The nuclear family, then, is the conventional structure of emotional reproduction, where we are expected to find deep and meaningful emotional connection with other people. But this social form also excludes many people. Queer people, for example, have historically been excluded from the nuclear family, and have either experienced loneliness and isolation, or invented other forms of caring for one another. Instead of trying to make the current family more inclusive, for example by extending the legal rights to marriage and adoption, we could challenge the very privatisation of feeling that dictates that people can only get their emotional needs met within the small unit of the family.

 

Emotional reproduction hence names the ways in which we depend not only on physical acts of care, such as cooking or cleaning, but also the feeling of being cared for. We are all dependent on other people, who can attend to our emotional needs. Reproduction under capitalism assumes emotional investment in this society. It is through normative forms of care that we come to form attachments to society as it is, and learn to desire the reproduction of the world as we know it. Only by inventing other types of sociality, and other forms of emotional attachment, can we therefore struggle against the current organisation of society.

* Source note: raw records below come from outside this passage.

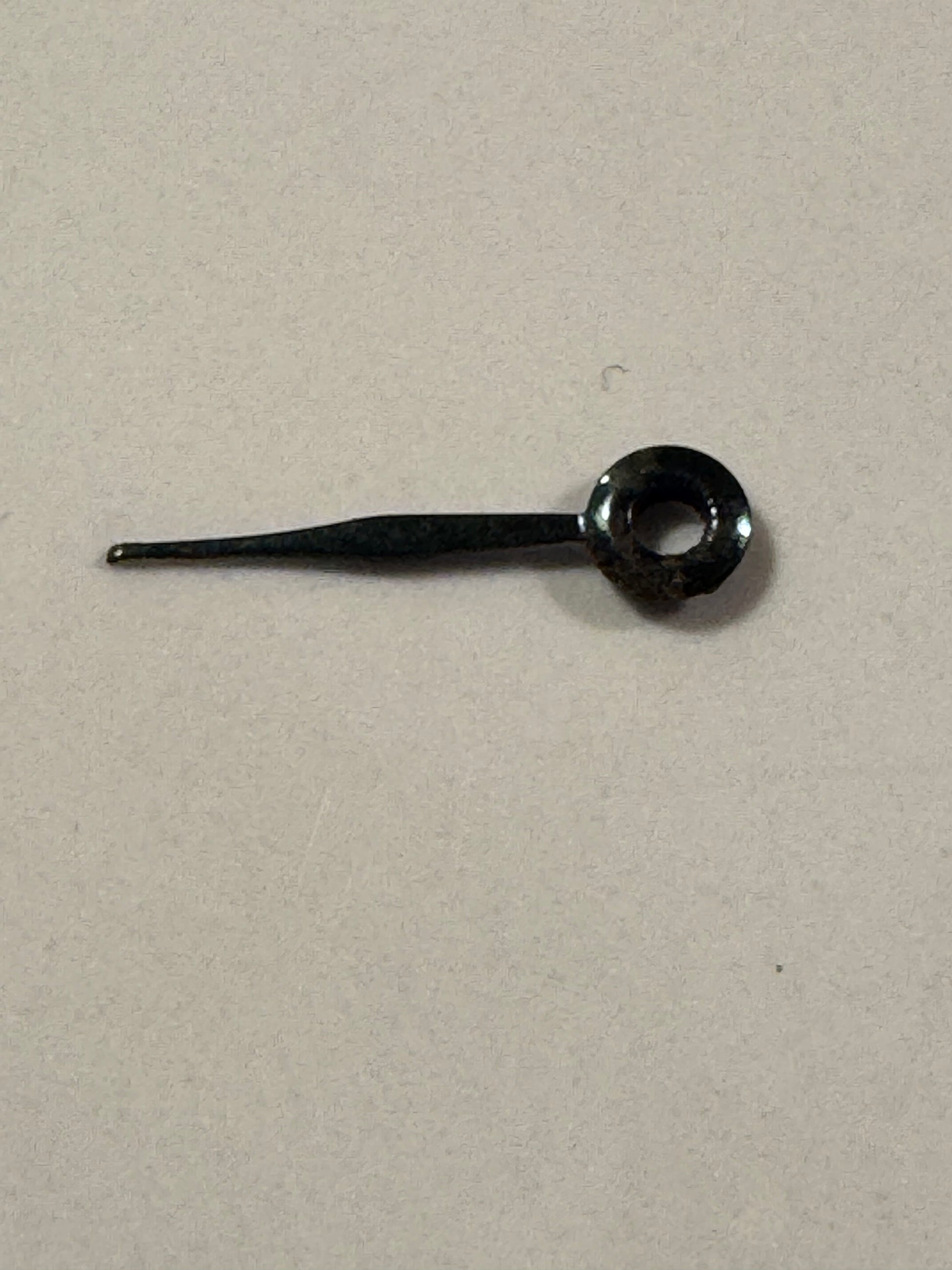This original blued hour hand is designed for small Seikosha wristwatches (“9 lines”).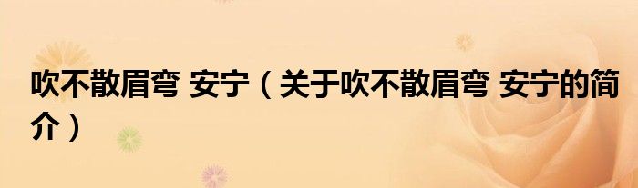 本文關于吹不散眉彎 安寧的簡介就講解完畢,希望對大家有所幫助。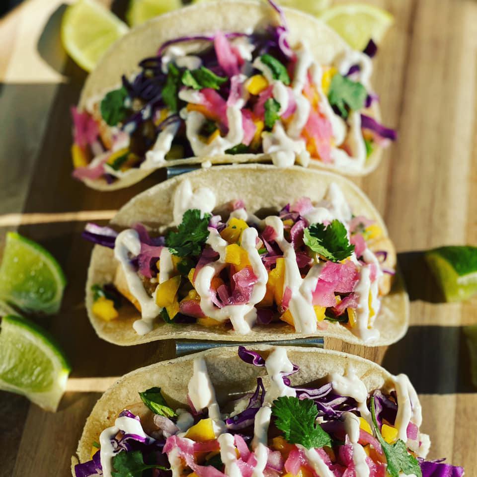 3 corn tortillas filled with grilled mahi mahi, shredded purple cabbage, cilantro, cotija cheese, mango salsa, pickled red onion and drizzled with garlic lime aioli.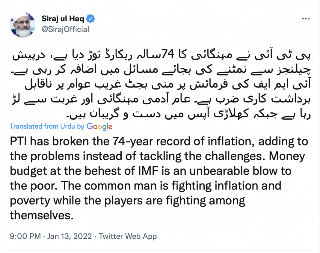Sirajul Haq added that Imran Khan has become an “international beggar” as a result of Pakistan’s arrangement with the International Monetary Fund (IMF), while the current government, which he described as a “combination of different parties,” is unable to control the country, reported Geo News Pakistan.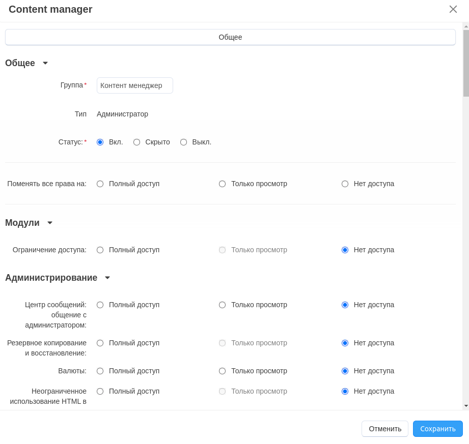 - Выкл. — группа нигде не появляется и никак не влияет на права пользователей.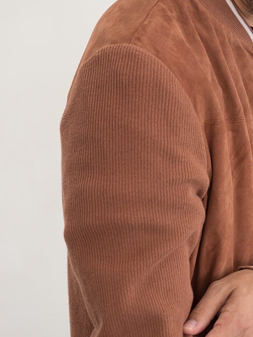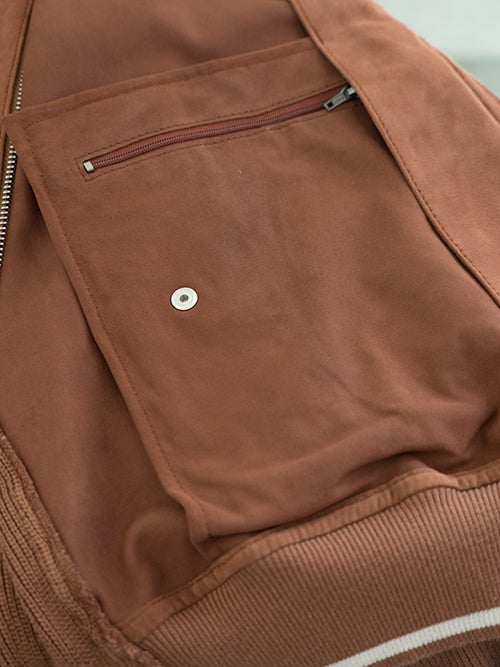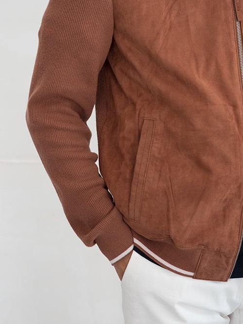 スウェード×リブニットのコンビブルゾンモデルBASEL、ボルドーカラーのシープスェードを使用したスポーティーなデザインの一着。

Alva Gotby is a feminist theorist researching social reproduction, queer Marxism, labour and emotion. She holds a PhD from the University of West London. Her thesis ‘They Call it Love – Wages for Housework and Emotional Reproduction’ explores the writings of the Wages for Housework movement and outlines a theory of the role of emotion in capitalist social reproduction and the reproduction of gendered differences. She is currently working on a book on the same topic. Alva is also active in political struggles related to housing and prison abolition.